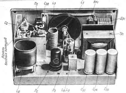 Рис.4. Вид шасси собранного приемника Налаживание приемника После проверки правильности монтажа и исправности блока питания необходимо установить режимы работы ламп, указанные на принципиальной схеме. Усилитель НЧ. Для проверки всей низкочастотной части необходимо установить П1 в положение, указанное на принципиальной схеме. R6 - на минимальное усиление. R10 - на минимальную обратную связь. Включить телефоны и прикоснуться отверткой к управляющей сетке Л3/1. При этом в телефоне должен прослушиваться сильный фон. Для проверки качества звучания нужно подать на вход (параллельно R8) какой-либо НЧ сигнал (с выхода любого вещательного приемника либо трансляционной сети). При наличии искажений подобрать R12. Детектор и УПЧ. При исправном детекторе при повороте ручки R10 на 30...50 градусов должны возникнуть собственные колебания. В телефонах слышен характерный щелчок. При отсутствии колебаний нужно поменять местами концы L9. Для плавного возникновения генерации необходимо подобрать данные R8C27 и числа витков L9. Регулировка усилителя ПЧ при нормальном режиме лампы Л2 сводится к настройке контура L8C24 на выбранную частоту с помощью сигнал-генератора (СГ) настроенного на частоту 1600 кГц с включенной внутренней модуляцией. Для этого сигнал с выхода СГ через конденсатор 200 пФ подают на Л2/4, от которой отсоединяется С13. Через разделительный конденсатор 0,1 мкФ, параллельно телефонам, подключают авометр для измерения переменных напряжений. Во избежания паразитных свистов при настройке следует установить минимальную обратную связь (R10) и сорвать колебания гетеродина параллельным включением к контуру конденсатора 0,05...0,1 мкФ. По максимальному показанию вольтметра с помощью сердечника катушки L8 настраивают контур ПЧ. При этом напряжение на телефонах должно быть не более 1...2 В. Восстанавливают сеточную цепь Л2 и настраиваем контур L6C10. Для этого от управляющей сетки лампы Л1/8 отключают С8 и подают на нее от СГ частоту 1600 кГц. Подбором С10 добиваются максимального показания на выходе приемника. Усиление по ПЧ считается нормальным, если при максимальных уровнях громкости, значениях обратной связи (на пороге генерации) и подаче на вход от СГ напряжения 5 мкВ, глубина модуляции 30%, на телефонах напряжение около 1,5 В. Преобразователь частоты. Регулировка в основном сводится к проверке устойчивости работы гетеродина в пределах всего поддиапазона, без резких изменений амплитуды и наличия паразитной генерации. Простейший способ проверки: в цепь анода Л1 между контуром L6C10 и сопротивлением R1 включают милиамперметр на 10 мА. Если гетеродин работает, то при замыкании Л1/5 на шасси показания прибора должны увеличиваться. Такая проверка осуществляется в начале и в конце каждого поддиапазона. Если гетеродин работает неустойчиво необходимо подобрать место подсоединения отвода L7 к катоду Л1 и данные R3C12. Настройка гетеродина сводится к установке границ диапазона. Градуировка приемника производится обычным методом через 20...30 кГц. Частоты настройки приемника отмечаются на шкале приемника, которая выполняется из плотной бумаги в виде круга диаметром 90 мм. Рабочий ход указателя настройки занимает около 270 градусов, а любительские диапазоны по шкале - около 100...150 градусов. Настройка НЧ фильтра не требуется. При приеме радиостанций нужно уменьшить емкость С2 до получения н
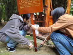 下午14:00,全体同学在书院楼下集合并将介绍牌搬到筑梦园中,接着就开始了热火朝天的劳动。甘霖书记以百年亭为例,给全体同学示范了如何把介绍牌立稳固。在书记的指导下,同学们分组行动,先在指定地点挖出10cm深的坑,填入水泥,把牌子放入后再浇水泥,并用一些石头固定,最后再把翻出来的土回填并敲实。很快,同学们在各自负责的亭子陆续完成了立牌,挖土、捡石头、浇水泥、填土等一系列操作。
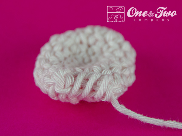 This part is worked continuously. You should use a stitch marker. With Light Pink yarn create a Magic Ring with 6 sc.
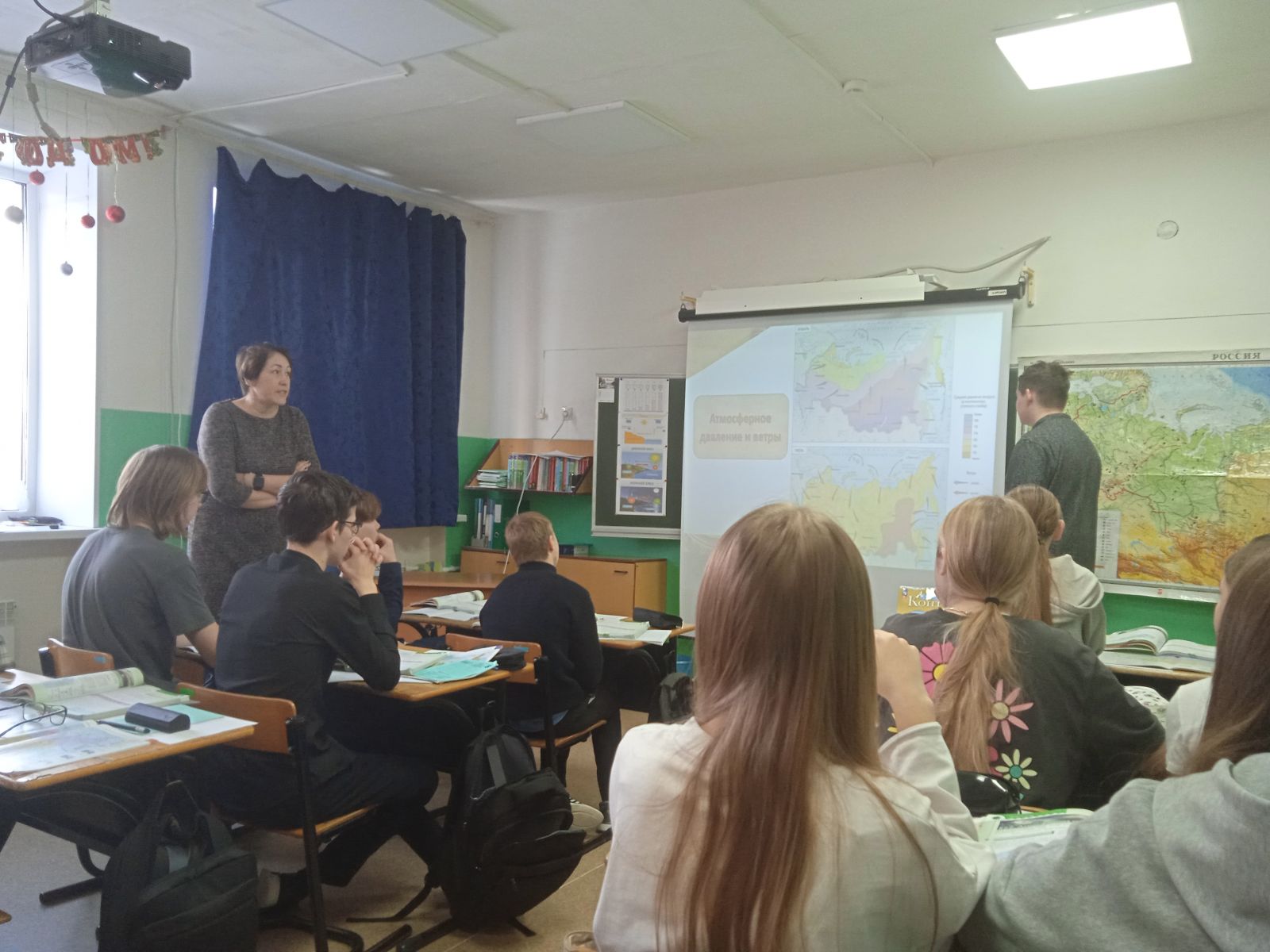 14 декабря был проведен урок географии в 8 классе по теме «Основные типы воздушных масс и их циркуляция на территории России. Атмосферные фронты, циклоны и антициклоны» (учитель Ухандеева А.М.)
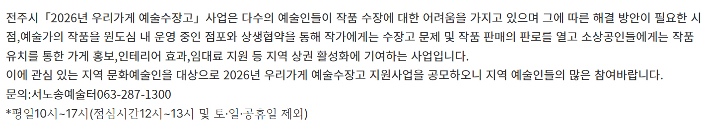 | 공모명 | 「2026년 우리가게 예술수장고」 재공모 |
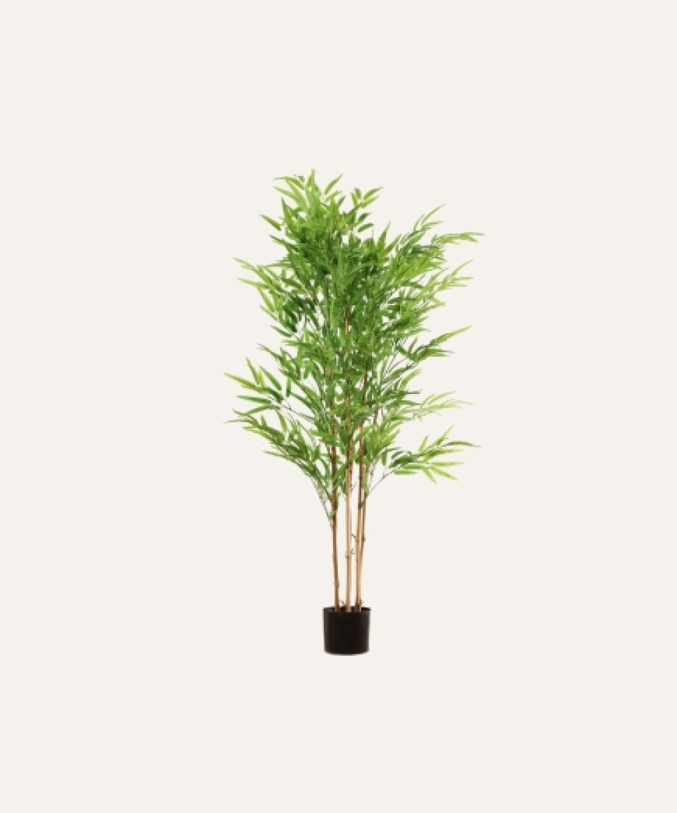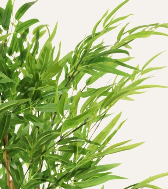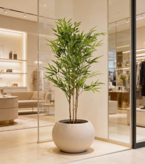 El Bambú artificial de 150 cm, diseñado exclusivamente para uso en interiores, presenta un follaje fino y natural que aporta verticalidad y armonía a cualquier entorno profesional. Su estructura estable y su acabado realista lo convierten en una solución decorativa duradera, ideal para hoteles, oficinas, comercios y proyectos contract que buscan integrar vegetación elegante y uniforme sin asumir costes de mantenimiento ni depender de condiciones ambientales específicas.
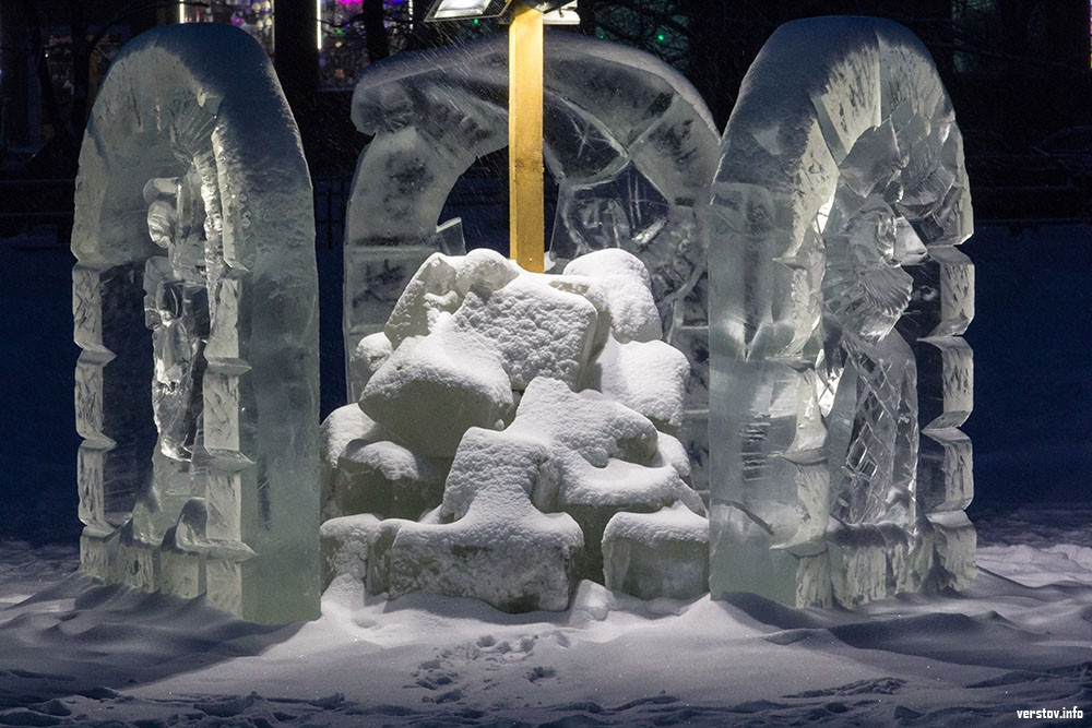 У каждого ледового районного городка своя тема. В сквере им. Б. Ручьева выбрали героев сказки Алексея Толстого «Золотой ключик, или Приключения Буратино». Из ледяных глыб скульпторы сделали папу Карло, лису Алису, кота Базилио и, конечно же, Буратино. Так же изо льда вырезали сердечки, слово «Город», городской герб и даже напоминание о предстоящем юбилее Магнитогорска – «90 лет». Естественно, не обошлось и без ледяной елочки и Деда Мороза со Снегурочкой.
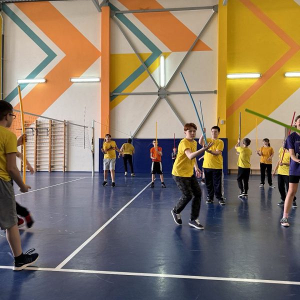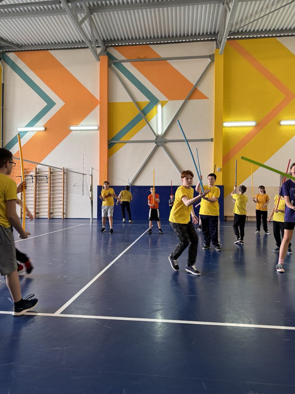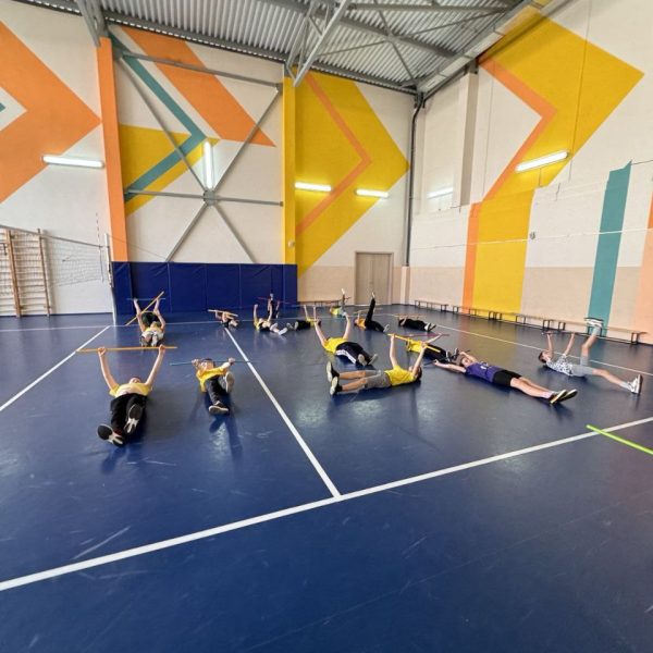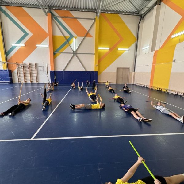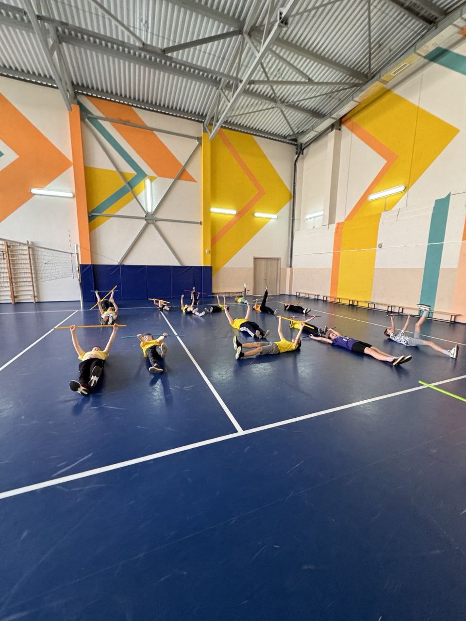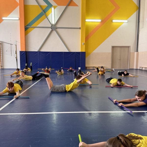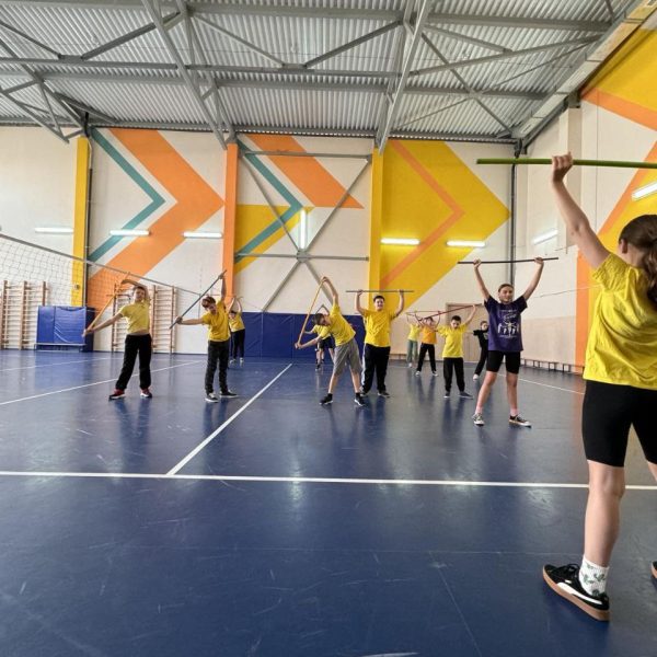 В спортивном зале с ребятами провели массовую разминку, командные соревнования и конечно же игры.

____________________

_YOUR INSTRUCTIONS_. All of the records should be set down exactly, minus the pictures they hold.

_RESULT_.
 Рис.4. Вид шасси собранного приемника Налаживание приемника После проверки правильности монтажа и исправности блока питания необходимо установить режимы работы ламп, указанные на принципиальной схеме. Усилитель НЧ. Для проверки всей низкочастотной части необходимо установить П1 в положение, указанное на принципиальной схеме. R6 - на минимальное усиление. R10 - на минимальную обратную связь. Включить телефоны и прикоснуться отверткой к управляющей сетке Л3/1. При этом в телефоне должен прослушиваться сильный фон. Для проверки качества звучания нужно подать на вход (параллельно R8) какой-либо НЧ сигнал (с выхода любого вещательного приемника либо трансляционной сети). При наличии искажений подобрать R12. Детектор и УПЧ. При исправном детекторе при повороте ручки R10 на 30...50 градусов должны возникнуть собственные колебания. В телефонах слышен характерный щелчок. При отсутствии колебаний нужно поменять местами концы L9. Для плавного возникновения генерации необходимо подобрать данные R8C27 и числа витков L9. Регулировка усилителя ПЧ при нормальном режиме лампы Л2 сводится к настройке контура L8C24 на выбранную частоту с помощью сигнал-генератора (СГ) настроенного на частоту 1600 кГц с включенной внутренней модуляцией. Для этого сигнал с выхода СГ через конденсатор 200 пФ подают на Л2/4, от которой отсоединяется С13. Через разделительный конденсатор 0,1 мкФ, параллельно телефонам, подключают авометр для измерения переменных напряжений. Во избежания паразитных свистов при настройке следует установить минимальную обратную связь (R10) и сорвать колебания гетеродина параллельным включением к контуру конденсатора 0,05...0,1 мкФ. По максимальному показанию вольтметра с помощью сердечника катушки L8 настраивают контур ПЧ. При этом напряжение на телефонах должно быть не более 1...2 В. Восстанавливают сеточную цепь Л2 и настраиваем контур L6C10. Для этого от управляющей сетки лампы Л1/8 отключают С8 и подают на нее от СГ частоту 1600 кГц. Подбором С10 добиваются максимального показания на выходе приемника. Усиление по ПЧ считается нормальным, если при максимальных уровнях громкости, значениях обратной связи (на пороге генерации) и подаче на вход от СГ напряжения 5 мкВ, глубина модуляции 30%, на телефонах напряжение около 1,5 В. Преобразователь частоты. Регулировка в основном сводится к проверке устойчивости работы гетеродина в пределах всего поддиапазона, без резких изменений амплитуды и наличия паразитной генерации. Простейший способ проверки: в цепь анода Л1 между контуром L6C10 и сопротивлением R1 включают милиамперметр на 10 мА. Если гетеродин работает, то при замыкании Л1/5 на шасси показания прибора должны увеличиваться. Такая проверка осуществляется в начале и в конце каждого поддиапазона. Если гетеродин работает неустойчиво необходимо подобрать место подсоединения отвода L7 к катоду Л1 и данные R3C12. Настройка гетеродина сводится к установке границ диапазона. Градуировка приемника производится обычным методом через 20...30 кГц. Частоты настройки приемника отмечаются на шкале приемника, которая выполняется из плотной бумаги в виде круга диаметром 90 мм. Рабочий ход указателя настройки занимает около 270 градусов, а любительские диапазоны по шкале - около 100...150 градусов. Настройка НЧ фильтра не требуется. При приеме радиостанций нужно уменьшить емкость С2 до получения н
 下午14:00,全体同学在书院楼下集合并将介绍牌搬到筑梦园中,接着就开始了热火朝天的劳动。甘霖书记以百年亭为例,给全体同学示范了如何把介绍牌立稳固。在书记的指导下,同学们分组行动,先在指定地点挖出10cm深的坑,填入水泥,把牌子放入后再浇水泥,并用一些石头固定,最后再把翻出来的土回填并敲实。很快,同学们在各自负责的亭子陆续完成了立牌,挖土、捡石头、浇水泥、填土等一系列操作。
 This part is worked continuously. You should use a stitch marker. With Light Pink yarn create a Magic Ring with 6 sc.
 14 декабря был проведен урок географии в 8 классе по теме «Основные типы воздушных масс и их циркуляция на территории России. Атмосферные фронты, циклоны и антициклоны» (учитель Ухандеева А.М.)
 | 공모명 | 「2026년 우리가게 예술수장고」 재공모 |
 El Bambú artificial de 150 cm, diseñado exclusivamente para uso en interiores, presenta un follaje fino y natural que aporta verticalidad y armonía a cualquier entorno profesional. Su estructura estable y su acabado realista lo convierten en una solución decorativa duradera, ideal para hoteles, oficinas, comercios y proyectos contract que buscan integrar vegetación elegante y uniforme sin asumir costes de mantenimiento ni depender de condiciones ambientales específicas.
 У каждого ледового районного городка своя тема. В сквере им. Б. Ручьева выбрали героев сказки Алексея Толстого «Золотой ключик, или Приключения Буратино». Из ледяных глыб скульпторы сделали папу Карло, лису Алису, кота Базилио и, конечно же, Буратино. Так же изо льда вырезали сердечки, слово «Город», городской герб и даже напоминание о предстоящем юбилее Магнитогорска – «90 лет». Естественно, не обошлось и без ледяной елочки и Деда Мороза со Снегурочкой.
 В спортивном зале с ребятами провели массовую разминку, командные соревнования и конечно же игры.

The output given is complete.